Imazighen drängen im gesamten Maghreb auf Rechte und kulturelle Anerkennung
Die Protestwelle, die Nordafrika seit 2010 erfasst hat, war eine Chance für soziale, kulturelle und politische Bewegungen, die in einer Region, die durch versteinerte Diktaturen erstickt wurde, vor sich hindümpelten. Eine davon ist die Bewegung, die sich für die Rechte der Amazigh einsetzt, einer ethno-linguistischen Minderheit, die in mehreren Ländern der Region lebt. „Die internationalen Medien haben einen Fehler begangen, als sie die Aufstände von 2011 als ‚arabischen Frühling‘ bezeichneten, wodurch andere Gruppen wie die Amazighs, die an der Spitze dieser Kämpfe standen, vergessen wurden“, sagt Younis Nanis, ein Aktivist in der libyschen Stadt Zuwarah. Seit den Aufständen haben sich ihre Forderungen nach kultureller Anerkennung vervielfacht, und obwohl in mehreren Ländern Fortschritte erzielt wurden, müssen die Amazigh-Aktivisten ihre Hoffnungen erst noch verwirklicht sehen.

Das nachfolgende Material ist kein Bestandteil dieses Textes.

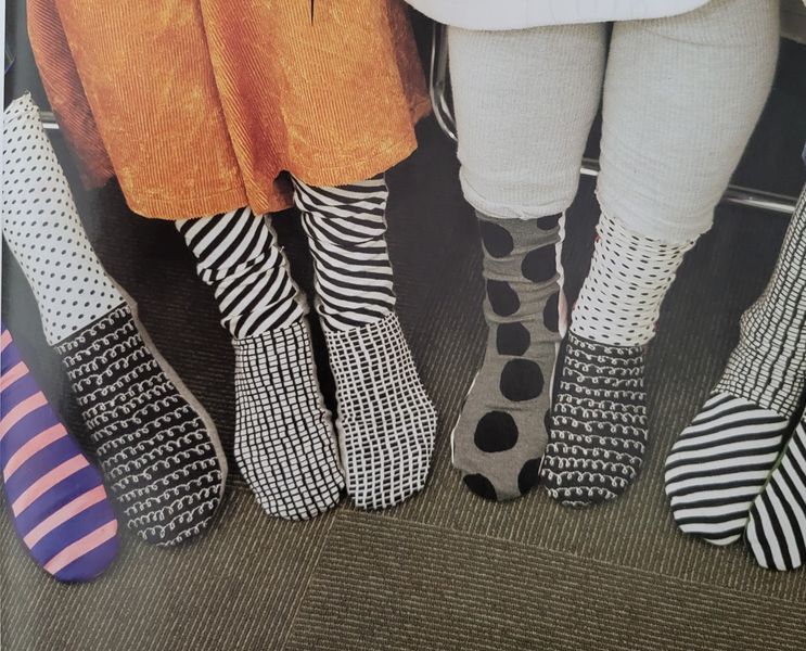 Je suis une grande fan des chaussettes sur mesures et dépareillée. Il est génial d’accepter et d’assumer ce côté graphique et original. En plus cela permet d’utiliser toutes les chutes de tissus. Je trouve que le résultat est réussi.
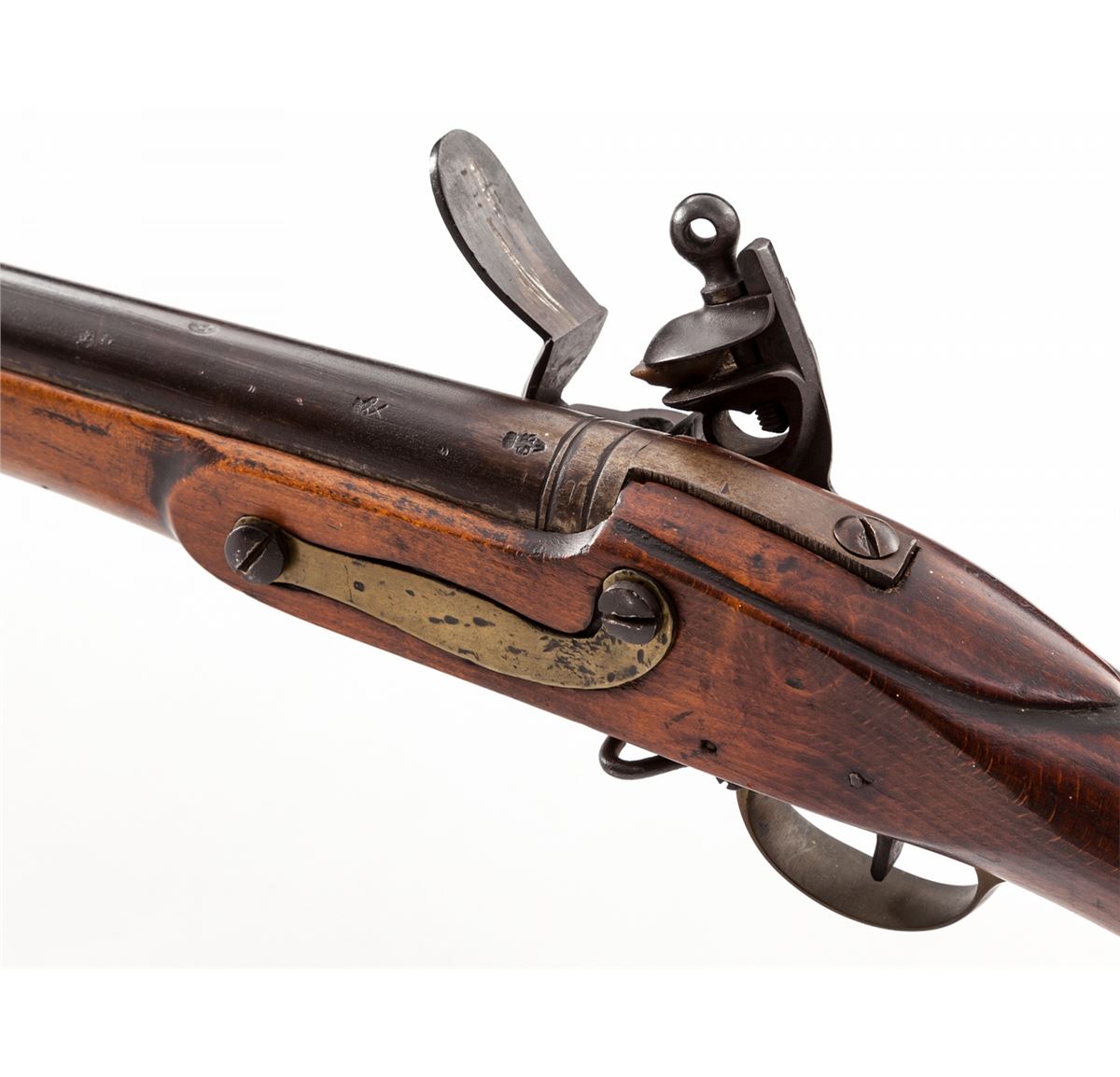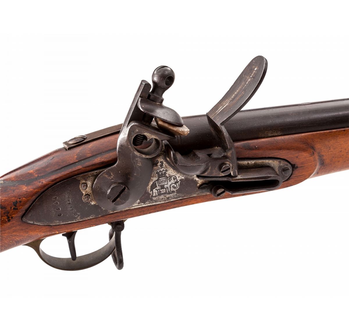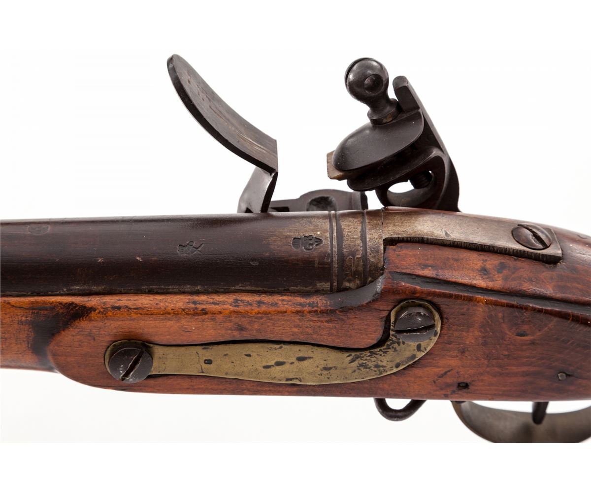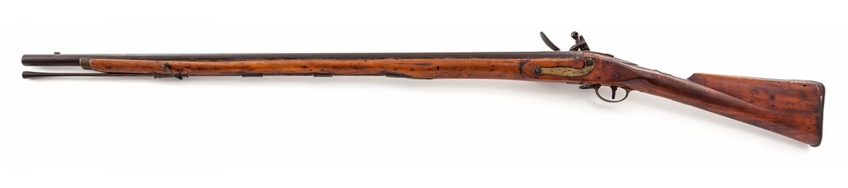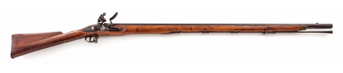 Belgian mfg'd Flintlock Rifle, lock marked ''Tower Proof 1770'', center of lockplate between hammer and frizzen with Howa type elephant motif; top of barrel with Liege proofmarks and ''(crown)/GR'' proofmarks as well; .76 cal., 39-1/2'' barrel, beech Brown Bess style stock, with ramrod. Condition is very good. Barrel has toned brown. Stock with some oil darkening and minor fractures near forward sling swivel eyelet. Action is good. Est.: $500-$750. (Antique)

Die Amazighs, die auch als Berber bekannt sind, haben sich seit jeher als die Ureinwohner des Maghreb definiert. Aber sie haben sich dieses Gebiet jahrhundertelang mit anderen Gruppen wie Karthagern, Römern, Osmanen und Arabern geteilt. Das Markenzeichen der Amazigh-Identität ist ihre Sprache, Tamazight, die über ein eigenes Alphabet, Tifinagh, verfügt. Offizielle Statistiken sind zwar umstritten, aber manche Schätzungen gehen von etwa 30 Millionen Amazighen aus, die sich über acht Maghreb- und Sahel-Länder verteilen. Aus politischen und religiösen Gründen wurde ihre Sprache seit den arabischen Eroberungen im siebten Jahrhundert zunehmend an den Rand gedrängt, ein Prozess, der sich in der zweiten Hälfte des 20. Jahrhunderts aufgrund der Arabisierungspolitik der Länder, die nach dem Ende der Kolonialzeit entstanden sind, beschleunigt hat.

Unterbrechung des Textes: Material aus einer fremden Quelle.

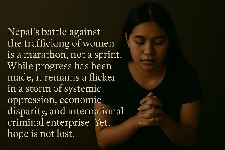 Human trafficking remains one of the most insidious violations of human rights in the 21st century—a clandestine enterprise fuelled by desperation, inequality, and exploitation. Among the countless victims worldwide, women and girls constitute a disproportionate share, particularly vulnerable to sexual exploitation, coerced labour, and domestic servitude. Nepal, perched between two
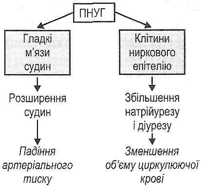 Рис. 78. Функціональні ефекти ангіотензинів II і III Ангіотензин II має два ефекти: 1) викликає скорочення гладких м'язів артеріол, у результаті чого відбувається їх звуження й підвищується артеріальний тиск; 2) діючи на клубочкову зону кори надниркових залоз, він активує секрецію альдостерону. Ангіотензин III має тільки одну з двох зазначених дій - збільшує секрецію альдостерону (рис. 78). 23.6. Які фактори стимулюють утворення й секрецію передсердного натрійуретичного гормону (атріопептину)? Яку дію виявляє цей гормон? Основним фактором, що стимулює утворення й секрецію атріопептину, є збільшення надходження крові в передсердя серця й, зокрема, збільшення об'єму цирку- люючої крові. При цьому відбувається розтягнення стінок передсердь, у результаті чого міоендо-кринні клітини вивільняють гормон у кров. Сьогодні відомо два важливих функціональних ефекти атріопептину. Вони пов'язані з його впливом на клітини канальцевого епітелію нирок і гладкі м'язи судин (рис. 79). Діючи на ці структури, передсердний натрійуретичний гормон, з одного боку, зменшує реабсорбцію іонів натрію, у результаті чого збільшується натрійурез і діурез та зменшується об'єм циркулюючої крові, а з другого - викликає розширення артеріол, унаслідок чого зменшується загальний периферичний опір. У результаті відбувається падіння артеріального тиску.
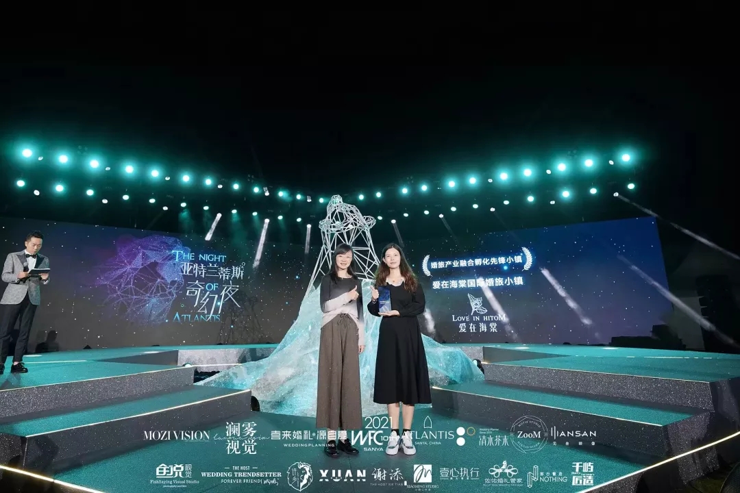 12月8日,在亚特兰蒂斯“2021中国婚礼行业颁奖典礼”中,爱在海棠国际婚旅小镇荣获“婚旅产业融合孵化先锋小镇奖”,项目总经理王佳妹女士获得“2021中国婚礼行业年度人物奖”。
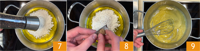 Sazona con sal, pimienta 77 y nuez moscada 8, luego mezcla con una varilla a fuego medio durante unos 3 minutos 9.
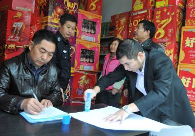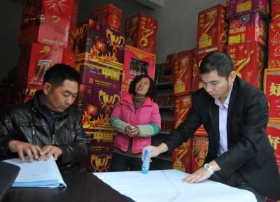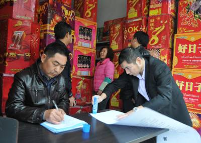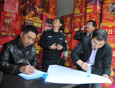 5日,巴东县官渡口镇安委会执法人员正在西溪坝村发放烟花爆竹百日专项整治通告书,检查进货渠道及经营场所规范等。 为了打击烟花爆竹走私和非法生产、经营、批发、储存、运输等行为,巴东县安监局牵头,公安局、工商局、供销社及乡镇安委会成员单位在全县启动烟花爆竹百日专项整治行动,发挥三级监管网络平台的作用,采取明查暗访等形式,对非法闲置厂房、空壳村和传统“产区”、非法经营烟花爆竹问题突出的乡镇、村(居)开展地毯式排查,不留死角,层层签订《烟花爆竹安全生产责任书》,重点打击那些打着合法经营幌子从事“私销”的经营者,保证群众及行业安全。(本报视界网 梁勇 摄)
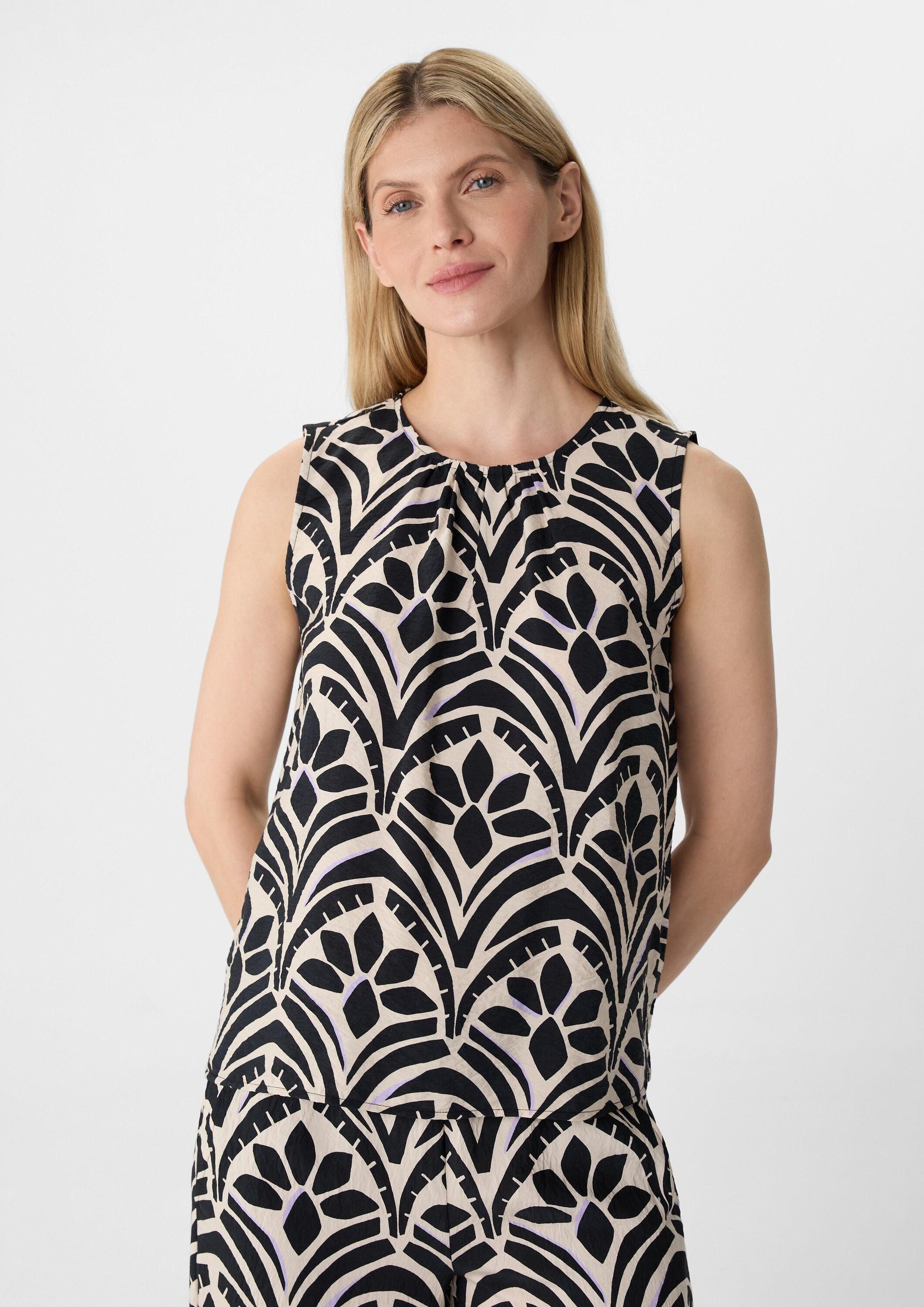 | Besondere Merkmale | Ärmellose Bluse mit Raffung und All-over-Print |

Von allen nordafrikanischen Ländern hat Marokko in den letzten zehn Jahren die größten Fortschritte bei der Anerkennung der Identität der Amazigh gemacht. Obwohl man davon ausgeht, dass die Hälfte der 35 Millionen Einwohner Tamazight spricht oder versteht, war die Sprache bis zur Protestwelle im Jahr 2011 in offiziellen Dokumenten und bei öffentlichen Veranstaltungen völlig abwesend.
Zu den zahlreichen Maßnahmen, die König Mohammed VI. zur Beruhigung der Lage ergriff, gehörte eine Verfassungsreform, mit der das Amazigh als „Nationalsprache“ definiert und damit dem Arabischen gleichgestellt wurde. Die Sprache wird nun in den Schulen gelehrt, und es wurden öffentliche Medien in Amazigh-Sprache sowie ein leistungsfähiges Forschungszentrum, das Königliche Institut für Amazigh-Kultur (IRCAM), gegründet.
Allerdings genießt das Arabische in den meisten Bereichen nach wie vor einen privilegierten Status, und viele Aktivisten befürchten, dass die Initiative des Königs nur kosmetischer Natur war. „Es gibt nicht genügend Lehrer für unsere Sprache, so dass sie nicht in allen Schulen unterrichtet wird. Die Regierung investiert nicht genug in die Ausbildung von Lehrern. Und in den Schulen, in denen die Sprache unterrichtet wird, wird sie als unnützes Fach angesehen. Ganz zu schweigen von anderen Bereichen wie den Gerichten“, sagt Marzouk Chahmi, Vizepräsident des Amazigh World Congress, während er in einem Café in der marokkanischen Stadt Nador, wenige Kilometer von der spanischen Enklave Melilla entfernt, einen Tee trinkt. „Wenn du in einem Prozess kein Arabisch kannst, kannst du deine Rechte vergessen“, sagt sein alter Freund Mohamed, ein älterer Mann mit einem langen grauen Bart.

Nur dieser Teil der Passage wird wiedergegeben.